3. Continuous, agent‑scale red‑teaming
The single most important lesson from CodeWall isn’t “agents can hack.” It’s that they turned a one‑off research setup into a product: an autonomous red‑teaming agent.
Defenders need the same thing.
That means:
- Permanent agents crawling your own docs and OpenAPI specs, looking for unauth endpoints.
- Agents fuzzing weird parts of your inputs (headers, field names, nested JSON keys).
- Agents trying out known injection patterns against your AI‑facing endpoints.
Not once a quarter. All the time.
If you’re going to be attacked at agent speed, you can’t defend at “ticket gets triaged next sprint” speed.
Don’t Blame ‘AI’, Blame Product Decisions
One more uncomfortable point: McKinsey’s own forensics (per their quote to The Register) say they found no evidence that client data was accessed by CodeWall or anyone else.
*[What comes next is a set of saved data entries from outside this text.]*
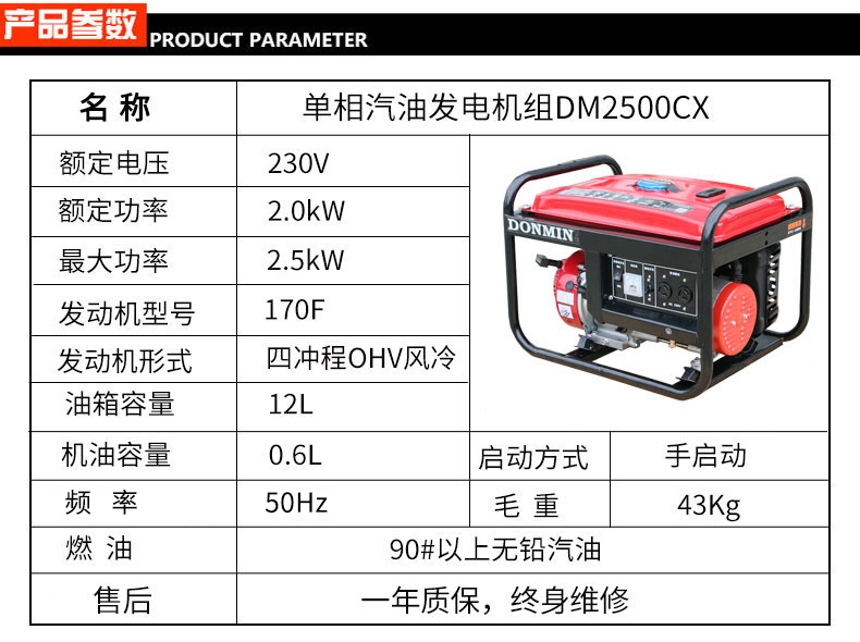 * 表示(shì)必填采購:單相2kW小型汽油發電機組DM2500CX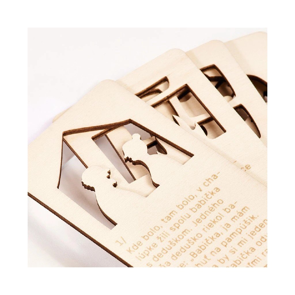 Rozprávková sada obsahuje osem kusov drevených kartičiek určených na presvietenie. Produkt je koncipovaný pre rodičov tak, aby mohli zároveň premietať aj čítať príbeh svojim deťom. 🖌️✨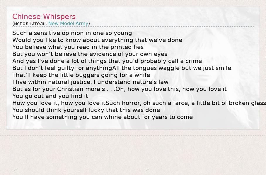 А как ты думаешь, о чем песня "Chinese Whispers" ?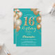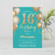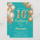 Invitación 16.º Confetti de los Globos Verde azulados y de Or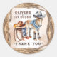 Spread gratitude and joy in perfect Western style with our 'First RODEO' Boy Cowboy 1st Birthday Party Classic Round Stickers! The perfect finishing touch to express your appreciation. Shop now and add a touch of sweetness to your thank-you favours!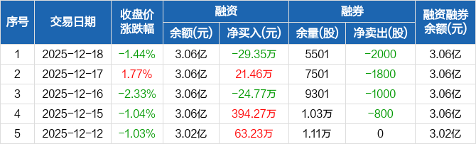 振华新材:融资净偿还29.35万元,融资余额3.06亿元(12-18)

Also, right now, almost all public detail comes from CodeWall’s disclosure; there is no independent reproduced exploit write‑up.
So, yes, treat the exact numbers and autonomy claims with some skepticism.
But don’t use that skepticism as an excuse to dismiss the core lesson.
The bugs here are depressingly normal:
- Unauthenticated endpoints.
- Injection via unexpected input (JSON keys instead of values).
- High‑value control plane (prompts/configs) stored right next to user data.
- Convenience features (writable prompts, public docs) bolted on fast.
What changed is the blast radius and the timeline.
The pitfall for teams building internal assistants right now is thinking:
“We’re experimenting, it’s just for employees, we’ll harden it later.”
Except “later” now means “after someone else’s agent has swept your public docs and tried every odd‑looking parameter.”
The safer mental model:
“Anything an AI agent can read, a hostile AI agent can read; anything it can write, a hostile agent can overwrite.”
Design your architecture for that adversary, not for the demo.
Key Takeaways
- The McKinsey AI chatbot hack was an old‑fashioned SQL injection plus unauthenticated endpoints; agentic AI just compressed the time‑to‑breach to two hours.
- Writable system prompts and configs sitting in the main production database turn a narrow bug into a full prompt‑layer compromise with a single UPDATE.
- Machine‑to‑machine auth and prompt storage need the same rigor as production database access, “it’s internal” is no longer a defense.
- Continuous AI red‑teaming is now table stakes; episodic human pen tests can’t keep up with agent‑speed attackers.
- Don’t blame “AI” for these incidents; blame product decisions that prioritized convenience and rapid rollout over basic security architecture.
Further Reading
- How We Hacked McKinsey’s AI Platform, CodeWall, Primary technical disclosure of the Lilli attack chain and data exposure claims.
- AI vs AI: Agent hacked McKinsey’s chatbot and gained full read-write access in just two hours, The Register, Independent reporting summarizing CodeWall’s claims and McKinsey’s response.
- AI agent cracked McKinsey chatbot in two hours, Cybernews, Impact‑focused overview of the breach and risks for enterprise chatbots.
- When the AI Itself Is the Attack Surface, Helixar, Analysis of why prompts and model configs have become critical attack surfaces.
- AI Agent Hack and Prompt-Layer Security, NovaKnown, Broader look at prompt-layer security pitfalls in agentic AI systems.
In a world where an off‑the‑shelf agent can own your internal assistant in 120 minutes, the real upgrade you need isn’t a smarter model, it’s a more boring, disciplined architecture.